Sun Conjunct Moon Then, two days before the lumpectomy, the transiting Sun was conjunct solar return Pluto in the solar 8th house. Well, where else would surgery be? And Pluto, of course, is ruler of the underworld. The anesthesia was amazing! Out like a light and back again an hour later like nothing had happened. Then off to a Thai food restaurant after starving all day. It turned out that the tumor was non-invasive and only two millimeters microscopic!

Sun Conjunct Venus And while my solar year is not yet over, if all goes according to plan, the Sun will be conjunct natal Venus in the solar 9th house the day I start radiation.

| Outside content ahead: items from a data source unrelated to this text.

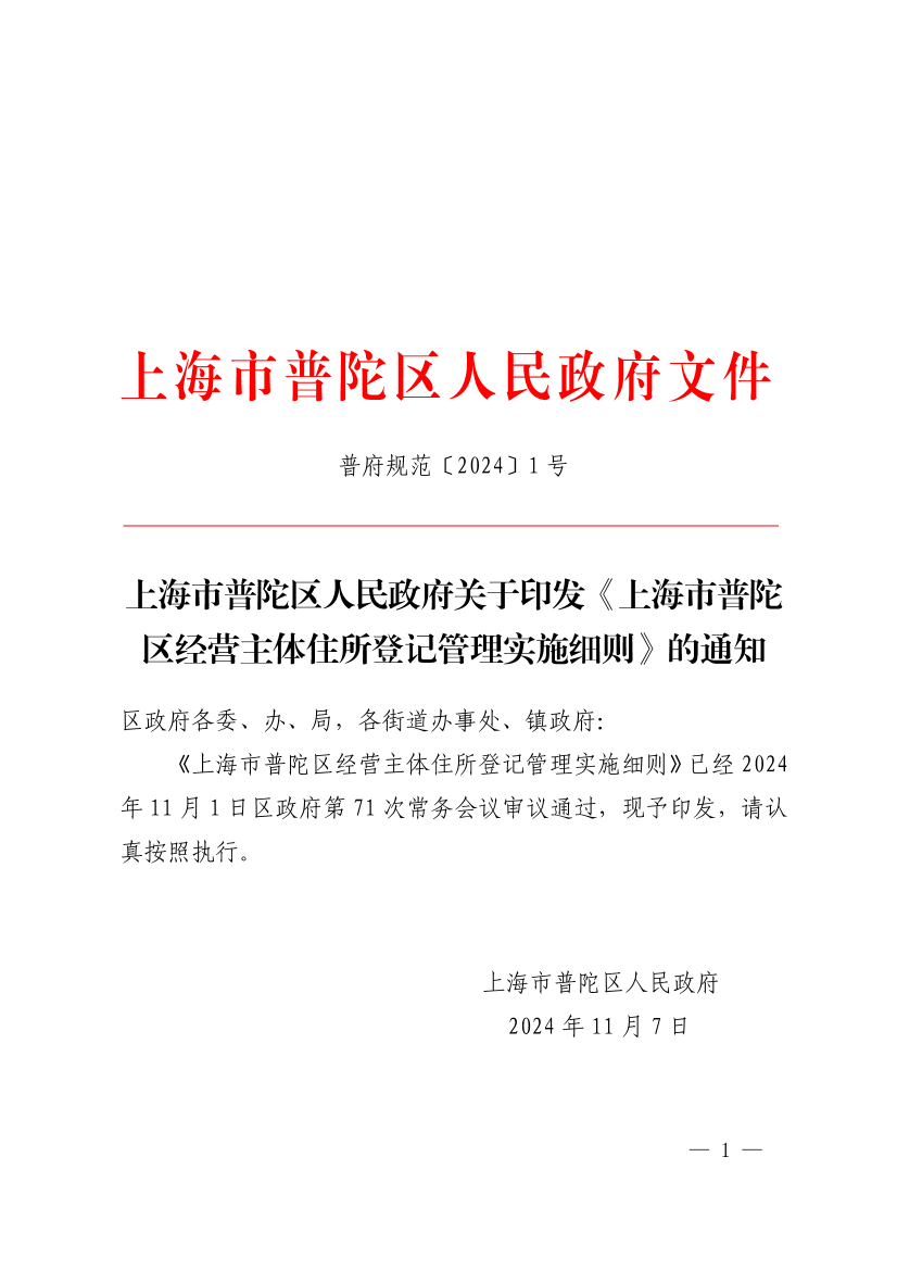 上海市普陀区人民政府关于印发《上海市普陀区经营主体住所登记管理实施细则》的通知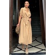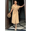 Kadın Bej Kruvaze Yaka, Kısa Kollu, Kemer Detaylı, Rahat Kesim, Midi Keten Elbise Bej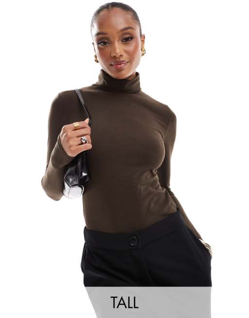 Threadbare Tall - Body manches longues à col roulé - Marron chocolat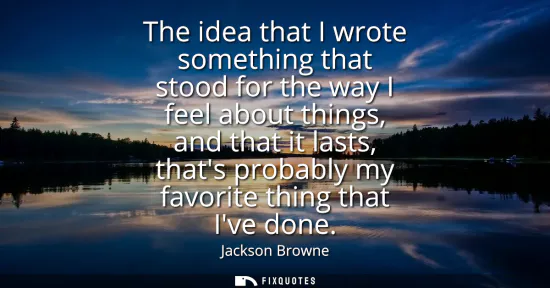 "The idea that I wrote something that stood for the way I feel about things, and that it lasts, that's probably my favorite thing that I've done"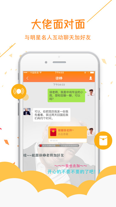 -海量真實投資人、制片人、導演、演員、音樂人、模特、經(jīng)紀人、記者、媒體、商務(wù)資源!-與明星大佬實時互動聊天!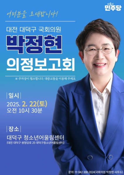 [충청25시] 더불어민주당 박정현 국회의원이 22일 오전 10시 30분, 대전 대덕구 청소년어울림센터에서 의정보고회를 개최한다고 밝혔다.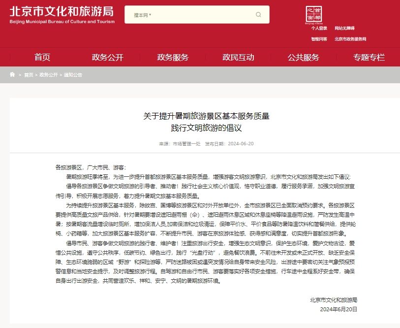 暑期旅游旺季将至,为进一步提升首都旅游景区基本服务质量,增强游客文明旅游意识,北京市文化和旅游局发出如下倡议: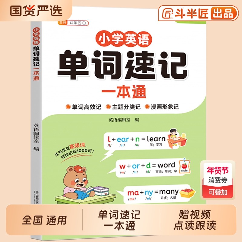 斗半匠小学英语单词速记一本通入门自学零基础词汇教材三四五六年级英语语法音标和自然拼读记背神器手册汇总表总结6年级公式口语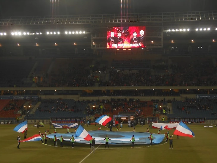 До начала матча считанные минуты, проверка паспорта, лояльный досмотр и я внутри, где уже объявляют составы команд…

I don’t know for sure yet, but I’m probably going to have to spend a couple of months in Seattle.

South Node Conjunct Ascendant There was another thing in the solar return that Kay had not specifically mentioned, but that I had read about years ago in Marion March and Joan McEvers’ book, The Only Way to...Learn About Tomorrow. They spoke of the importance of the natal house that is rising in the Solar Return chart. My natal 4th house was rising,indicating a lot of activity in what I called "home and family".  Indeed, I spent a lot of time in someone else's home during my treatment and those who so generously provided it became like family to me.

South Node Conjunct Ascendant  And finally, the solar return South Node was conjunct the Ascendant, marking an issue of the past coming into being.  After seeing transiting Jupiter conjunct the South Node in my natal 4th, this sounded like a double dose of Destiny to me. Oh, and one of my doctors told me that the definition of cancer is "uncontrolled growth".

I feel extremely lucky so far. (And that’s Jupiter too!)

Gloria Scigliano

This was originally written for publication in NCGR's Natterings eMail Newsletter. It was published in November, 2007. As it turned out, I only needed to spend one week going for radiation, twice a day. More Jupiter luck! Today, things are great. I am back to doing what I enjoy, living life, sharing my knowledge and teaching about the stars again.